上述技术方案中,获取多个连续的第二图像帧,且该多个连续的第二图像帧中存在至少两个相邻的第二图像帧在相同的像素模块中的采样点不同,即该多个连续的第二图像帧包含了同一物体不同相位上的像素信息,从而对该多个连续的第二图像帧进行超分辨处理时,能够有效利用多个连续的第二图像帧间的像素信息的相关性,补偿每个第二图像帧在下采样过程中损失的像素信息,使得复原后得到的多个图像帧与原始的图像帧之间的误差较小,提高了复原的真实性,进而复原效果较佳。
在第二方面的一种可能的实现方式中,获取多个连续的第二图像帧,包括:获取图像编码数据,并对该图像编码数据进行解码,得到多个连续的第二图像帧。上述可能的实现方式中,通过对该多个连续的第二图像帧进行编码,进而能够提高该多个连续的第二图像帧的传输效率、减小存储时占用的存储空间。

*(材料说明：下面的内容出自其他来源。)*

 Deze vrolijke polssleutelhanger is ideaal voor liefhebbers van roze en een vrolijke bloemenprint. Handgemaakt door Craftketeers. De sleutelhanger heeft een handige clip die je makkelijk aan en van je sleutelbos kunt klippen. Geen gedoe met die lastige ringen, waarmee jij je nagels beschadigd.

在第二方面的一种可能的实现方式中,对该多个连续的第二图像帧进行超分辨处理,得到多个连续的第三图像帧,包括:利用超分辨网络对该多个连续的第二图像帧进行超分辨处理,得到该多个连续的第三图像帧。上述可能的实现方式中,通过利用超分辨网络对该多个连续的第二图像帧进行超分辨处理,可以提高超分辨处理的准确性和处理效率,保证复原后得到的多个图像帧的真实性,进而保证复原效果。
在第二方面的一种可能的实现方式中,该方法还包括:对多个采样退化图像帧进行超分辨训练,得到该超分辨网络;其中,该多个采样退化图像帧对多个采样图像帧进行编解码处理得到的,该多个采样图像帧是利用下采样网络对多个训练图像帧进行下采样处理得到的。上述可能的实现方式中,在训练该超分辨网络时,先根据多个训练图像帧进行下采样训练和超分辨训练,得到该下采样网络,然后再固定该下采样网络,对该下采样网络输出的采样图像帧进行编解码的退化,利用退化后的采样退化图像帧进行超分辨训练,得到该超分辨网络,从而实现了从下采样至超分辨的完整的端到端的训练,保证了训练得到的下采样网络和超分辨网络具有较好的性能。

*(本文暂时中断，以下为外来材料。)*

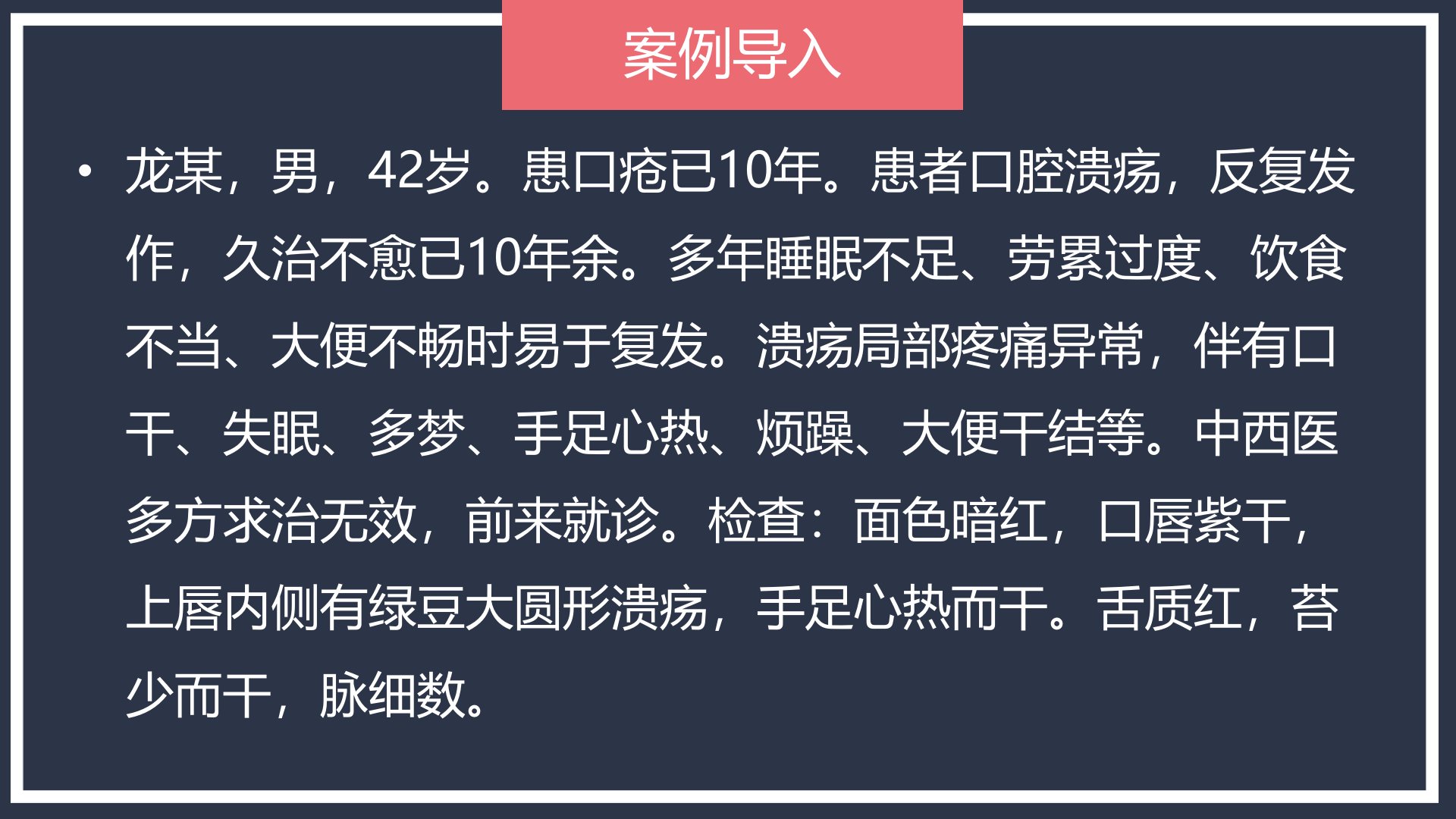 龙某42岁男性患口疮10年反复发作且久治不愈多因睡眠不足、劳累、饮食不当、大便不畅时复发症状包括溃疡疼痛、口干、失眠、多梦、手足心热、烦躁、大便干结等。检查见其面色暗红、口唇紫干、上唇内侧有溃疡、手足心热而干舌质红苔少而干脉细数。口疮以口腔黏膜溃疡为主症多见于复发性口炎等疾病主要症状为口腔黏膜充血、水肿等一般预后良好但部分患者可复发。口疮病因多与外感风火燥邪、过食辛辣、病后劳损或体弱有关基本病机为火热上炎于口舌与心、脾、肾关系密切。治疗以清热泻火、消肿止痛为主取口周腧穴和手足阳明经穴如承浆、地仓、廉泉、合谷等。配穴根据证型选择如心脾蕴热配内庭、劳宫阴虚火旺配照海、太溪。其他疗法包括耳针法、三棱针法、穴位贴敷等。针灸治疗口疮有一定效果尤以急性者为好。平时应注意口腔卫生少食辛辣等刺激性食物。

第三方面,提供一种图像处理装置,该装置包括:获取单元,用于获取图像数据,该图像数据包括多个连续的第一图像帧;下采样单元,用于对该多个连续的第一图像帧进行下采样处理,得到多个连续的第二图像帧,该多个连续的第二图像帧与该多个连续的第一图像帧一一对应,该多个连续的第二图像帧中存在至少相邻的两个第二图像帧在相同的像素模块中的采样点不同,该采样点为像素或者亚像素。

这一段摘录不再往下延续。